* Goal of the exercise
Retype the lines of the listing below exactly, but only those from the one containing "- 设备搜索依赖鸿蒙 DeviceManager" through the last line; pictures stay out.

* Information provided
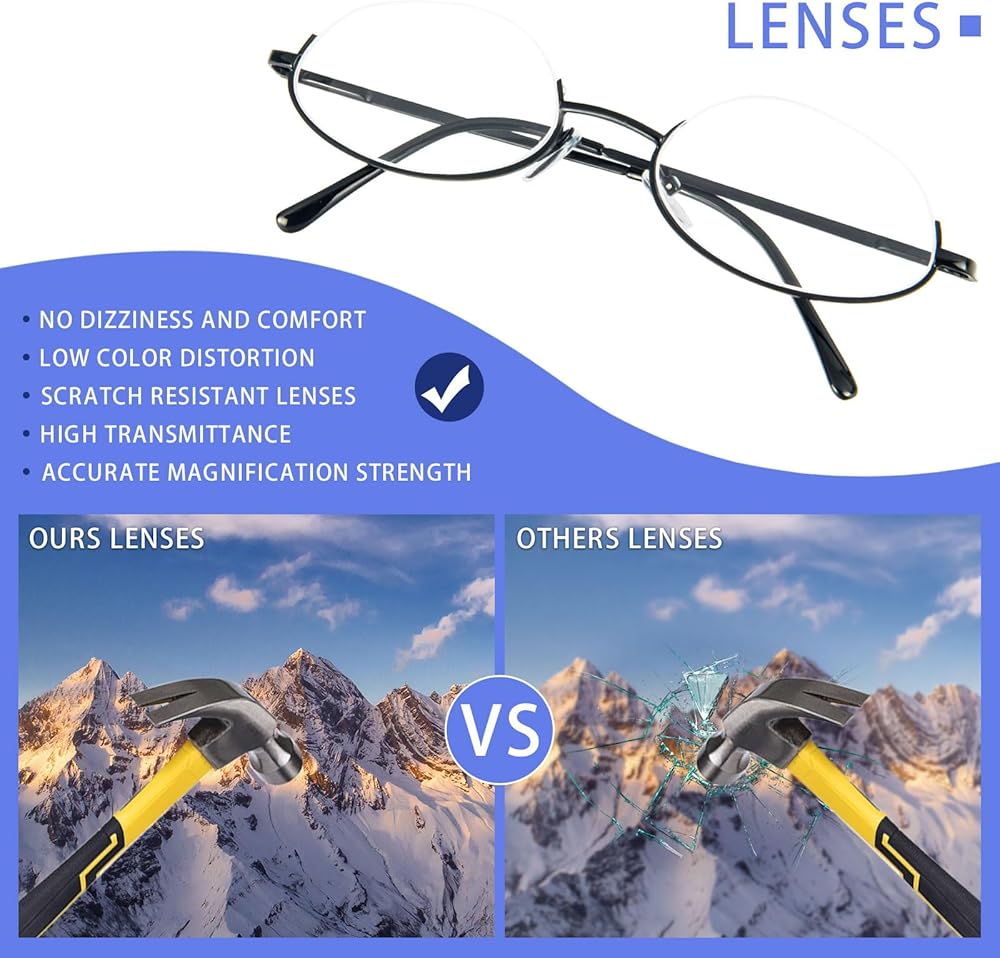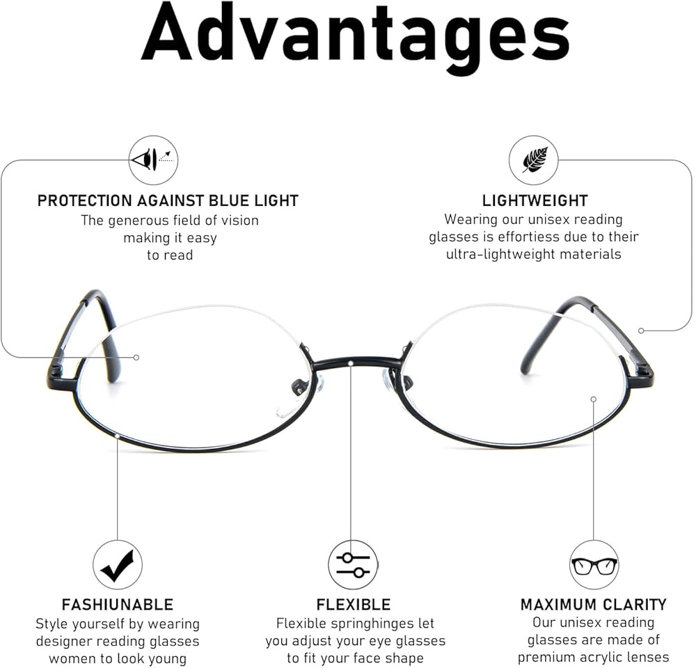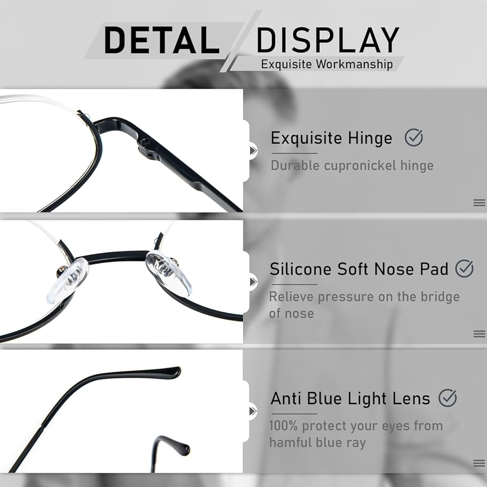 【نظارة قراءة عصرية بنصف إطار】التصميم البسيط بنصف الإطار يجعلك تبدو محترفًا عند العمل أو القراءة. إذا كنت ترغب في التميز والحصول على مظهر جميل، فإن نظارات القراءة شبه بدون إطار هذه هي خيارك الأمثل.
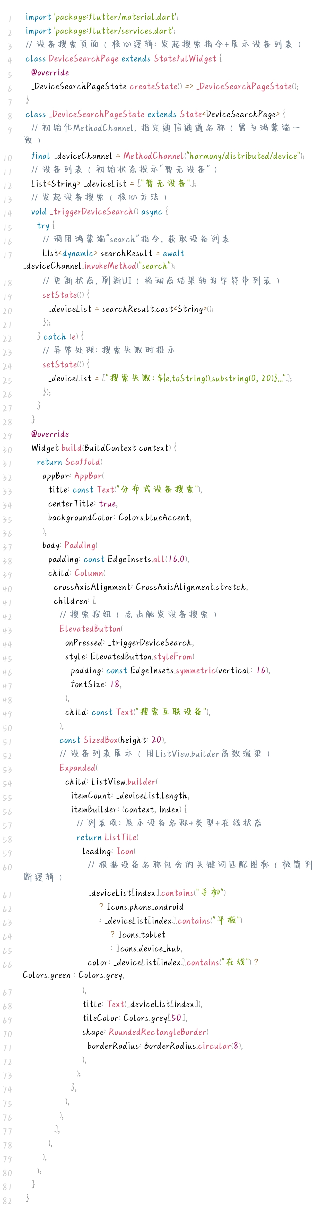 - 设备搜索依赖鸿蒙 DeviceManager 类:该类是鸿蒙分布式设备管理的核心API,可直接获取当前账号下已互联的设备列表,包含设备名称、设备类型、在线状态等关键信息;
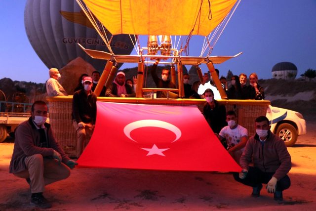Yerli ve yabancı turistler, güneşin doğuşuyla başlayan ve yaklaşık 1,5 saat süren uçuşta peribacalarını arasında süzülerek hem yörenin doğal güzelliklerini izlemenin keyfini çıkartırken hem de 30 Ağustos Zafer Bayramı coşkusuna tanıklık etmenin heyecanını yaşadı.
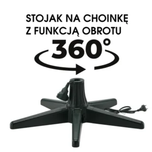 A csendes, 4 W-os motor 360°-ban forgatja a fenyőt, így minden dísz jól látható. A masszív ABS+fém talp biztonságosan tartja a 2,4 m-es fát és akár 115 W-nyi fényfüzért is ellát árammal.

* Output of the task
 - 设备搜索依赖鸿蒙 DeviceManager 类:该类是鸿蒙分布式设备管理的核心API,可直接获取当前账号下已互联的设备列表,包含设备名称、设备类型、在线状态等关键信息;
Yerli ve yabancı turistler, güneşin doğuşuyla başlayan ve yaklaşık 1,5 saat süren uçuşta peribacalarını arasında süzülerek hem yörenin doğal güzelliklerini izlemenin keyfini çıkartırken hem de 30 Ağustos Zafer Bayramı coşkusuna tanıklık etmenin heyecanını yaşadı.
 A csendes, 4 W-os motor 360°-ban forgatja a fenyőt, így minden dísz jól látható. A masszív ABS+fém talp biztonságosan tartja a 2,4 m-es fát és akár 115 W-nyi fényfüzért is ellát árammal.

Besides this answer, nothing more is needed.